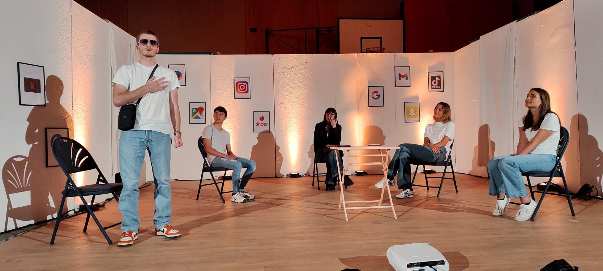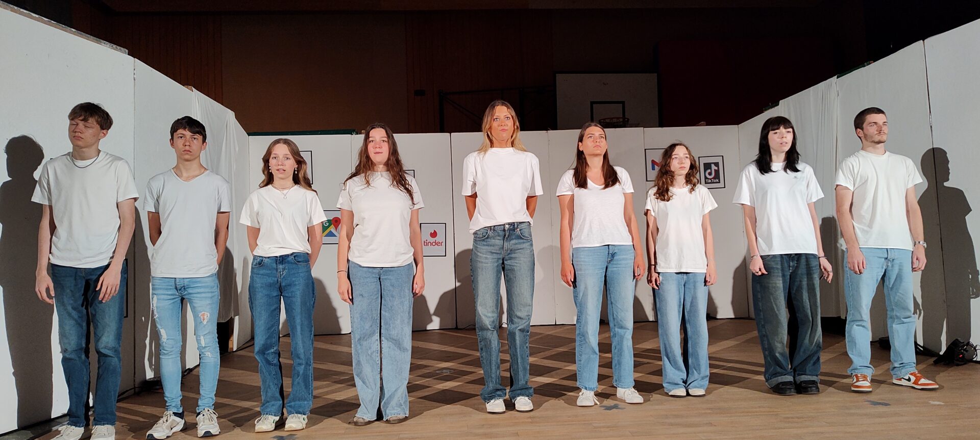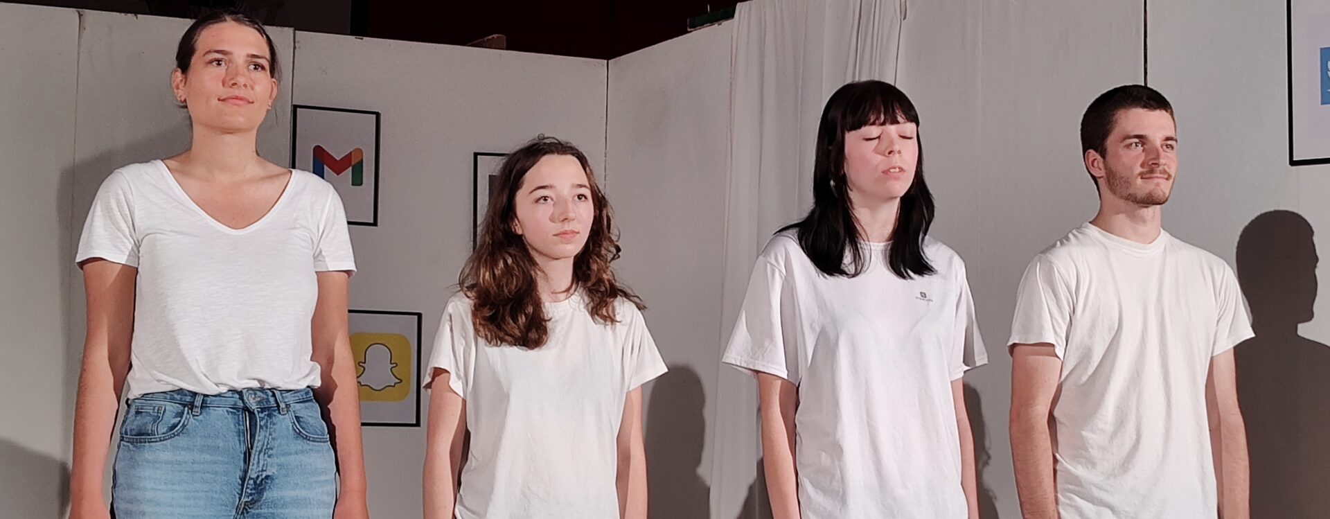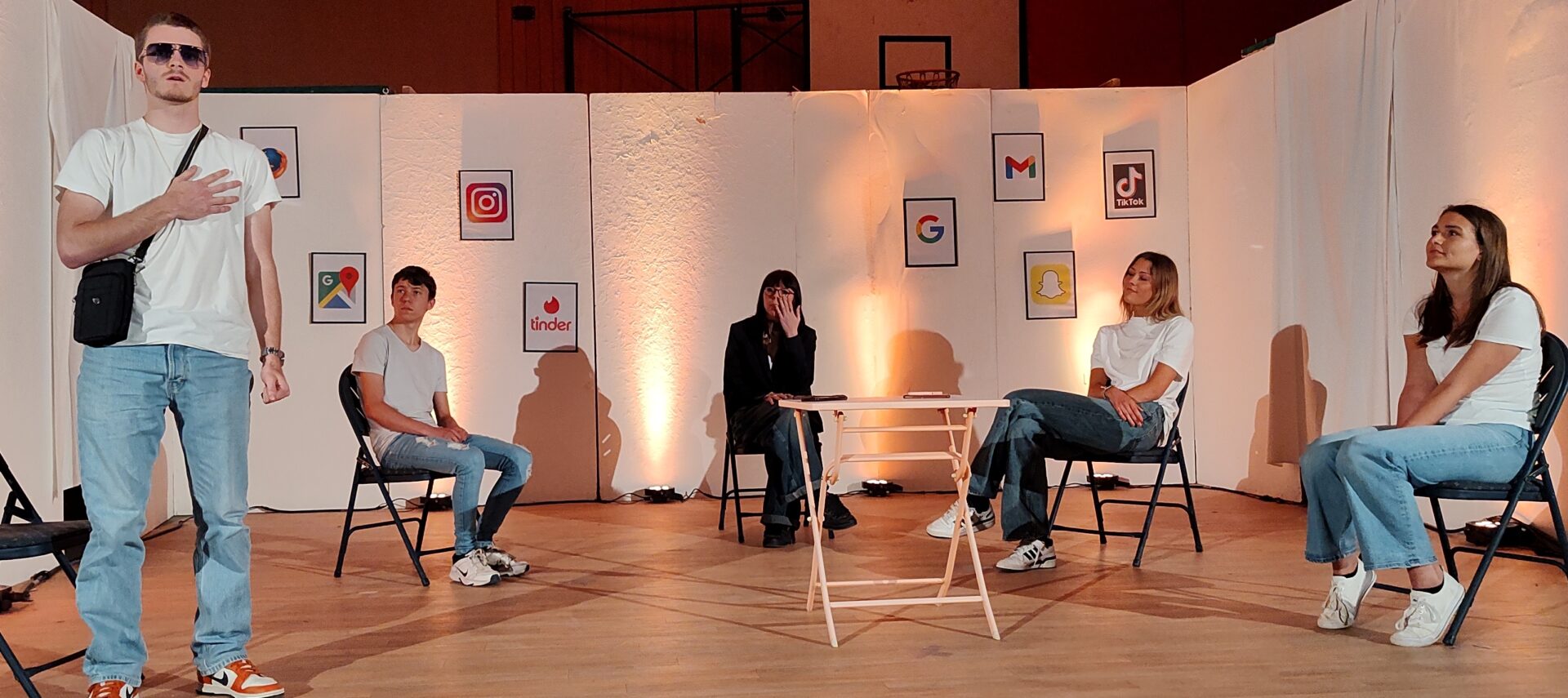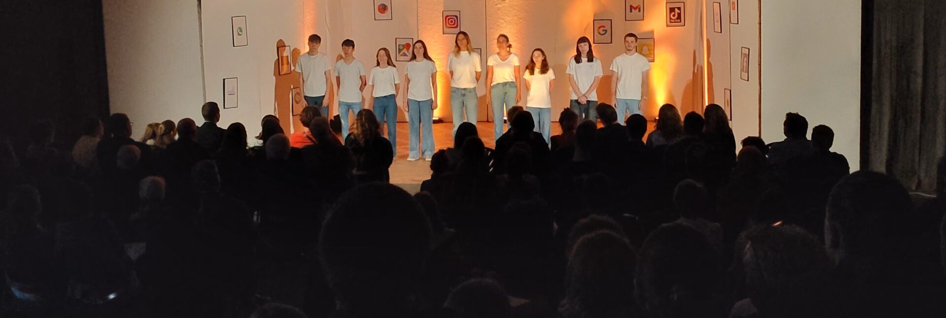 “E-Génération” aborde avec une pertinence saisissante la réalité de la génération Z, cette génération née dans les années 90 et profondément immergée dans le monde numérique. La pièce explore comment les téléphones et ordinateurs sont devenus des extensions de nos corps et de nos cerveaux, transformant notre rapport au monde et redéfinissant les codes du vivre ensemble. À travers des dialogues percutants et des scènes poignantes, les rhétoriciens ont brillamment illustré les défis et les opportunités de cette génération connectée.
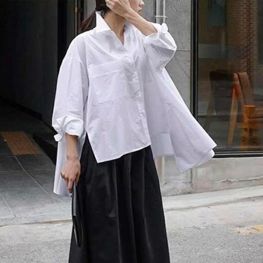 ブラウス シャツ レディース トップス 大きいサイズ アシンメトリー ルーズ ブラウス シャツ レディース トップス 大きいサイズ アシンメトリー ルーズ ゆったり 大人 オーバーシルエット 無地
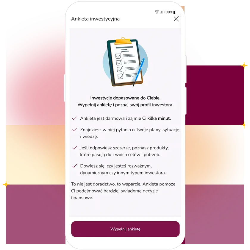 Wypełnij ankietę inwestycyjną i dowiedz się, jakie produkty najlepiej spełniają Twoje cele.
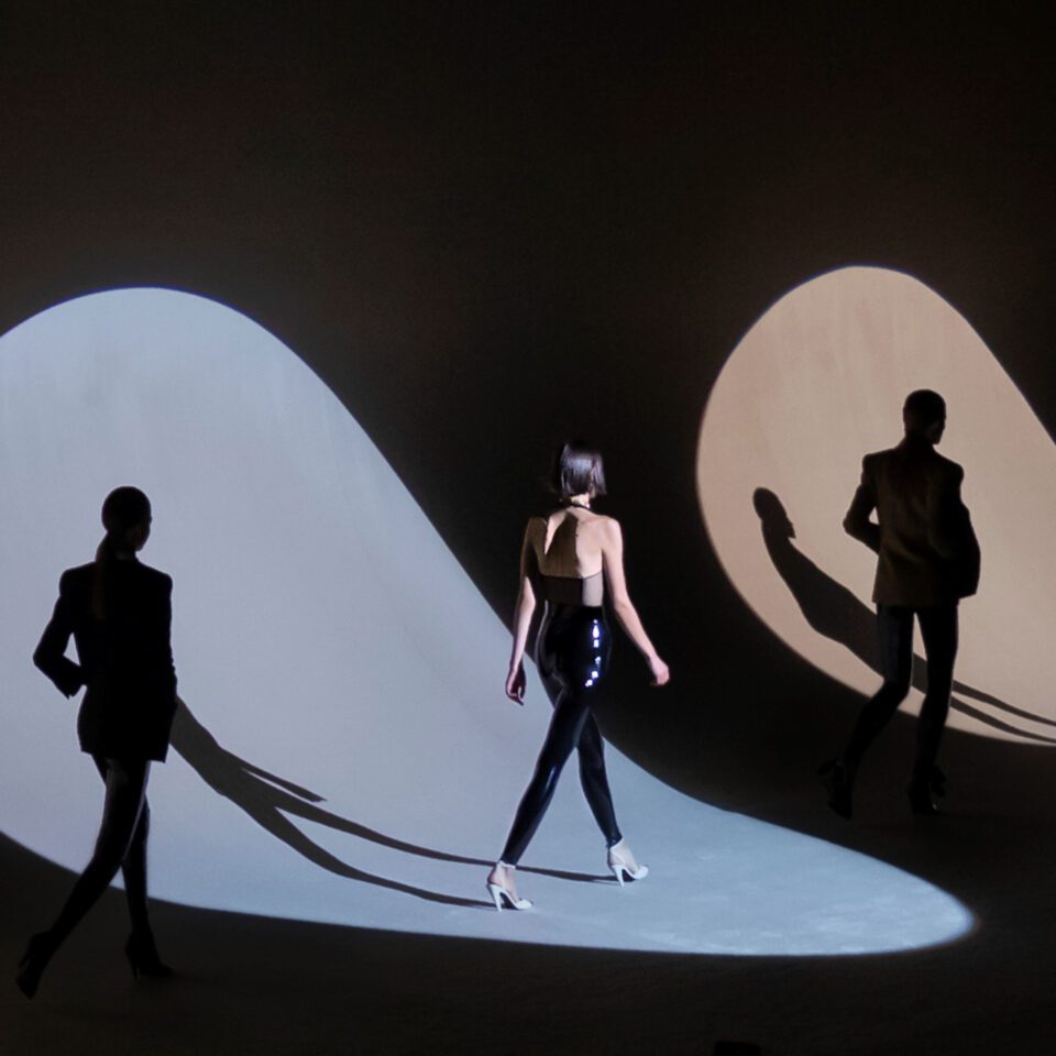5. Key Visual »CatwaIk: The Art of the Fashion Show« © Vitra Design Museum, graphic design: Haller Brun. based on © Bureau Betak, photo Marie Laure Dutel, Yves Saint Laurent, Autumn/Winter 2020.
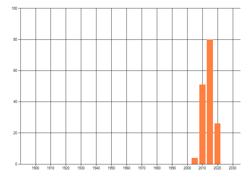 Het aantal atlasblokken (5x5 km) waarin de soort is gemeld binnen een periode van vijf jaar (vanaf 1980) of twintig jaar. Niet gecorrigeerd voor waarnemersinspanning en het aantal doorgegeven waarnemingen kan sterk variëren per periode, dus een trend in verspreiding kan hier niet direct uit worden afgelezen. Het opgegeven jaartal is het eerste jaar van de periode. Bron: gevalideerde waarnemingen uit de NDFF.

---+---

Range to copy from the listing above: the line containing "ブラウス シャツ レディース トップス 大きいサイズ アシンメトリー ルーズ ブラウス" down to the line containing "Wypełnij ankietę inwestycyjną", both included. Reproduce it exactly, minus the pictures, and add nothing.

#### Response for this exercise:
 ブラウス シャツ レディース トップス 大きいサイズ アシンメトリー ルーズ ブラウス シャツ レディース トップス 大きいサイズ アシンメトリー ルーズ ゆったり 大人 オーバーシルエット 無地
 Wypełnij ankietę inwestycyjną i dowiedz się, jakie produkty najlepiej spełniają Twoje cele.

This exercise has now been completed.